CNBC extends its reach across the continent with terrestrial and non-terrestrial deals
This week CNBC Africa launched its new-look schedule to include cluster-style programmes aimed at seamlessly integrating Africa-focused content with CNBC's international offering, as well as a breakfast show 'with a difference'. Launched just nine months ago, CNBC Africa’s COO Gary Alfonso talked to Russell Southwood about progress so far.
Q: Who’s behind CNBC Africa?
The station was launched on 1 June 2007 through an investment vehicle with 70% backing from Dubai-based investors and 30% from IDL. The Dubai-based investors had already successfully launched CNBC franchises in Dubai, India and Pakistan. What CNBC and ABN did was to bring rights to distribute CNBC content in Sub-Saharan Africa. It invested US$20 million in studio facilities for broadcasting and we have bureaus in Cape Town, Nairobi, Abuja and Lagos. We started with 140 people and that’s now gone up to 150.
So the CNBC content is the base from which we make the pizza. We get rolling programming from CNBC in the USA, Europe and Asia and we have introduced programmes from regional stock exchanges. We’ve targeted the primary economic activity hubs on the continent: Kenya, Nigeria and South Africa.
Other countries are now calling us and Uganda and Zambia want to be on board. Also we have a terrestrial deal in Ghana and Port Harcourt as a result of peer pressure in those markets. But we’d like to go where there is commercial viability for the story, not to do a deal with a parastatal to pump out Government propaganda. The banks who sponsor us get the opportunity to showcase their logo on our daily markets programmes. We need a sponsor to make it work in new markets. We want to roll out in Angola, Tanzania, Rwanda, Ghana and the DRC. We look at it almost as an investor would by asking what’s the political risk in the market
Q: How’s the channel distributed?
It’s rebroadcast by DStv across Africa using Sentech on PAS-7. It’s a Free-To-Air Signal and a whole range of decoders can pick it up except in Senegal. In addition, we’ve started doing lots of other terrestrial and non-terrestrial deals. We have about 14 deals with country broadcasters like the Namibia Broadcasting Corporation, Capitol Broadcasting in Kenya, Trend TV in Nigeria and Net2TV in Ghana. What we like about these deals is that they provide out of the home content during the day when people want to switch to watching a TV in their office.

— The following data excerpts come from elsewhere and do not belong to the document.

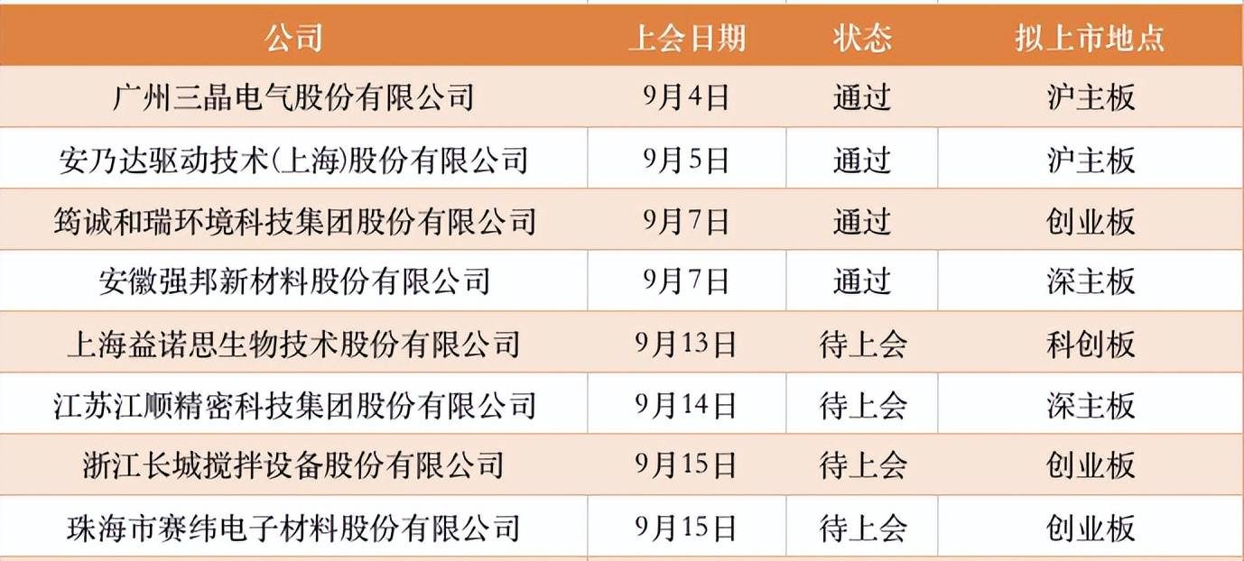 本周(9月4日—9月8日),A股“4过4”,三晶电气、安乃达、筠诚和瑞、强邦股份均顺利过会。
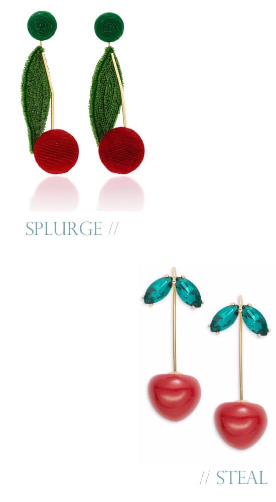 Speaking of cherries, I’ve had my eye on this fun pair of cherry earrings from Rebecca De Ravenel for a long while (shown in a different colorway in the snap at the top of this post). I found these less expensive Kate Spade beauties ($58) that might scratch the itch for less, though!
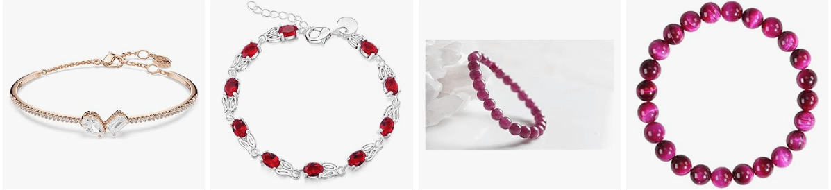 - Minimalist Bracelets: Simple ruby beads with subtle shine
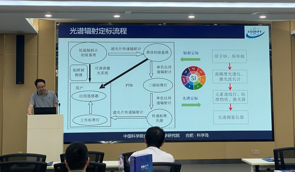 中國科學(xué)院安徽光學(xué)精密機械研究所李健軍做光電測量儀器實驗室定標(biāo)技術(shù)和應(yīng)用報告,為與會觀眾講解光電測量儀器在工業(yè)、農(nóng)業(yè)、林業(yè)等領(lǐng)域的應(yīng)用,并提出高精度光電檢測和校準(zhǔn)是定量應(yīng)用的前提,重點介紹了高精度黑體輻射源、相對光譜響應(yīng)度、基于標(biāo)準(zhǔn)傳遞探測器定標(biāo)溯源鏈路等校準(zhǔn)系統(tǒng),報告內(nèi)容豐富,精彩紛呈。
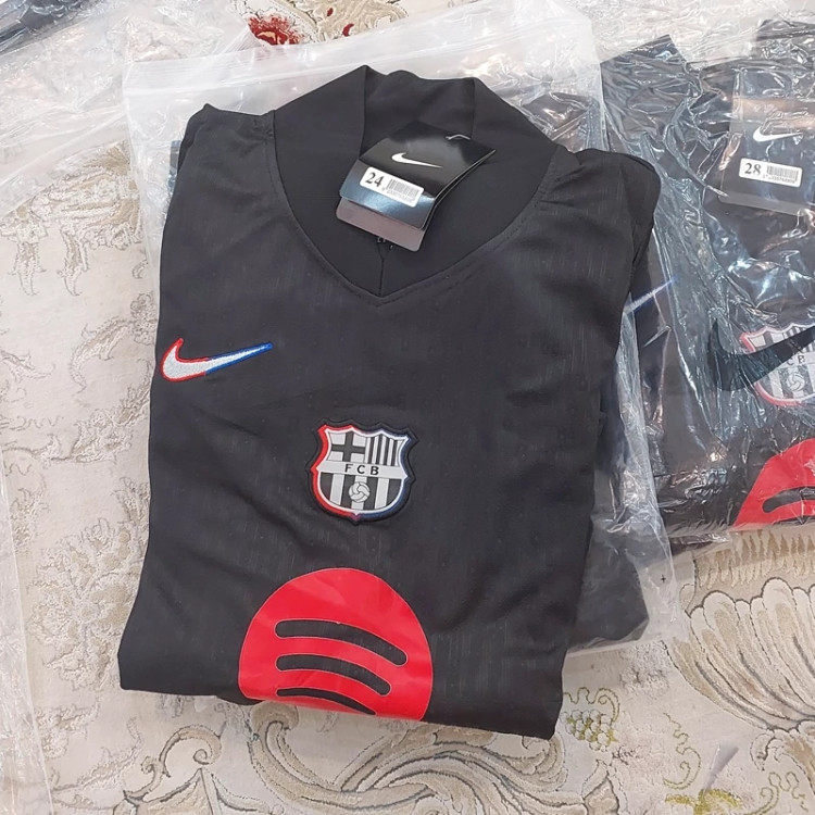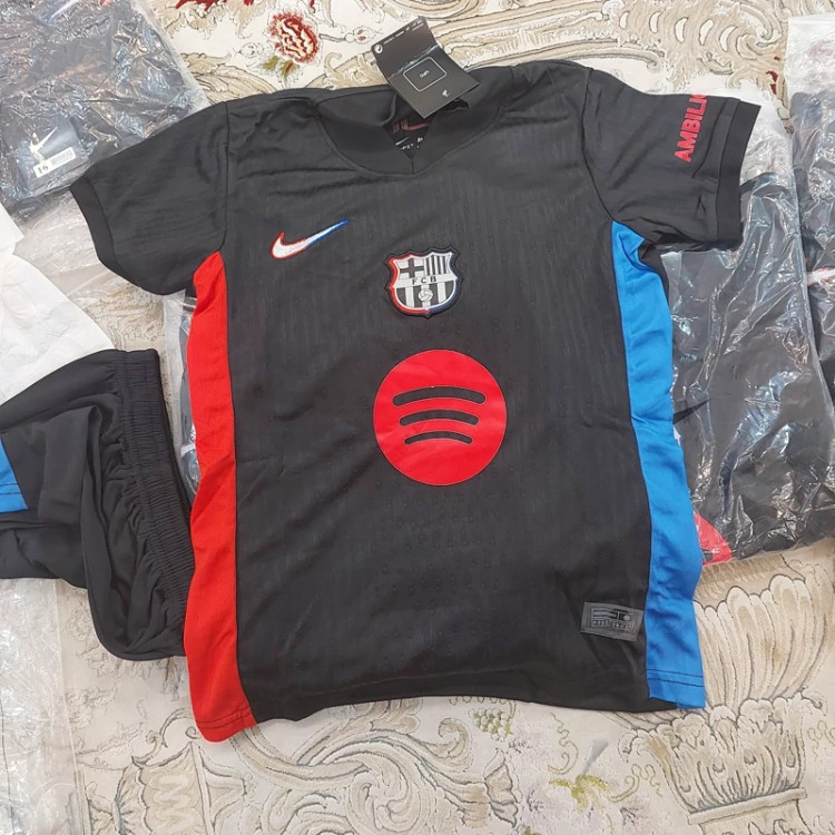 کیت تیشرت و شورت هواداری بچه گانه بارسلونا 2025 2024 رنگ مشکی
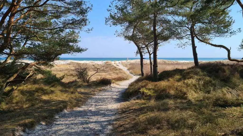 Die Umgebung bietet viele Urlaubserlebnisse. Der Dueodde-Strand ist bekannt für sein weißes, weiches Sand und seichtes Wasser – ideal für Kinder und Erwachsene. Dünen laden zu Spaziergängen ein, und Rad- sowie Wanderwege führen durch Wald und Dünen.
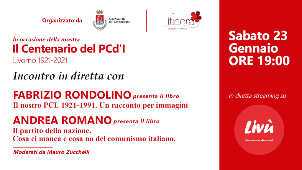 Iniziative LIVU’ per Centenario PCd’I con la collaborazione di Coop Itinera/LIVU’. Sabato 23 alle 19 in diretta su LIVU’ intervista con Fabrizio Rondolino e Andrea Romano. Presentazione dei libri:

Q: What’s the USP of the channel?
We’re coming from stock exchanges around the continent for a full 10 hours a day and we’re taking live feeds from CNBC in Europe and the USA for another 10 hours as markets close. We know that viewers want to see Martha Barti Romo doing the closing markets commentary. The one thing that makes me wake up every morning is this continent’s commodity and resource story and in the future, this will be a global story. We are localising the global business guy in Africa.
Q: Who’s your competition?
We did a survey of viewers last November and from that it would appear that CNN and BBC World are our two main competitors. Of course, there’s Bloomburg but they’re not actually physically present on the continent for business coverage.
Q: What’s the audience for the channel?
According to TGI in July last year there were 200,000 ABs watching DStv’s output on PAS-7. In Kenya, we can reach 90% of the 12 million people in Nairobi and we reckon that 5-10% of that figure is our market.
Q: Are you hitting your advertising targets?
We are on target to be cash-positive by the end of the year and on present performance that would be about R70 million. Our target is to exceed that.
The banks are a large part of our revenue through advertising and sponsorship. After that it’s leisure goods. The advertisers are those trying to appeal to the 9 and 10 LSM groups with also aspirational people amongst the 8 LSM group.